Johnson’s aunt, Vanna Terrell, said her niece’s desire to be in the spotlight even extended to their holiday gatherings.

“We would say we’re going to color coordinate, and Dream would go outside the box and wear something totally different,” Vanna laughs. “We would have a family function, and she would dress like Diana Ross.”

Johnson’s mother and aunt say the family supported her transition and credit Dream’s closest friends for helping her find her own new style.

“They were pushing her to come out of her shell – to be whoever she wanted to be,” Vanna Terrell said.

“I know for a fact that her friends are definitely going through the hardest time now because they stayed together,” she adds.

Johnson’s life was cut short in July at the age of 28 when she was shot four times on a sidewalk in her hometown of Washington, DC, in a residential neighborhood about two miles from the US Capitol.

According to a court document, witnesses say Dream got into an argument with a group of strangers mocking her and calling her “a boy” and a slur used to attack the LGBTQ community.
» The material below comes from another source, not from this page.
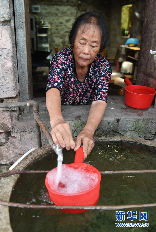 在廣西都安瑤族自治縣龍灣鄉(xiāng)琴棋村琴嶺屯,村民在接從水柜里引來的自來水(2019年7月23日攝)。廣西有近一半貧困人口生活在石漠化地區(qū),涉及數(shù)十個(gè)縣區(qū)。這里也是廣西飲水保障程度最低的地區(qū),解決貧困人口飲水問題是廣西脫貧攻堅(jiān)戰(zhàn)“硬仗中的硬仗”?!笆濉币詠恚瑥V西加快實(shí)施農(nóng)村飲水安全鞏固提升工程。因地制宜,采取新建、擴(kuò)建及管網(wǎng)延伸等多種措施,補(bǔ)齊貧困地區(qū)水利薄弱短板,進(jìn)一步提升石漠化地區(qū)群眾飲水安全保障水平,助推脫貧攻堅(jiān)。新華社記者陸波岸攝

Although surveillance footage showed Johnson never physically attacked anyone, according to police, a member of the group allegedly pulled out a handgun and shot her to death. She was unarmed, prosecutors say.

The suspect is charged with first-degree murder, and the case is classified as a gender identity hate crime.

Although the allegation that Dream was targeted for being transgender is painful to her family, they also feel it is important that the reality of the crime be recognized.

“We were pushing for that. We wanted the hate crime (charge),” Vanna said. “We needed the world to know that this is still out here.”

That kind of hate was something Johnson never had to worry about at home.

“I told her she was kind. She was beautiful,” said Johnson’s mother. “Can’t no one change you from being you, and don’t let no one change you.”

Iris Terrell keeps Johnson’s positive spirit even through the sadness surrounding her death, but said the holidays will be hard this year.

But despite her family’s tragedy, Iris Terrell only has happy memories of her daughter and the person she became.

“It was one thing that I loved about her – that she was herself.”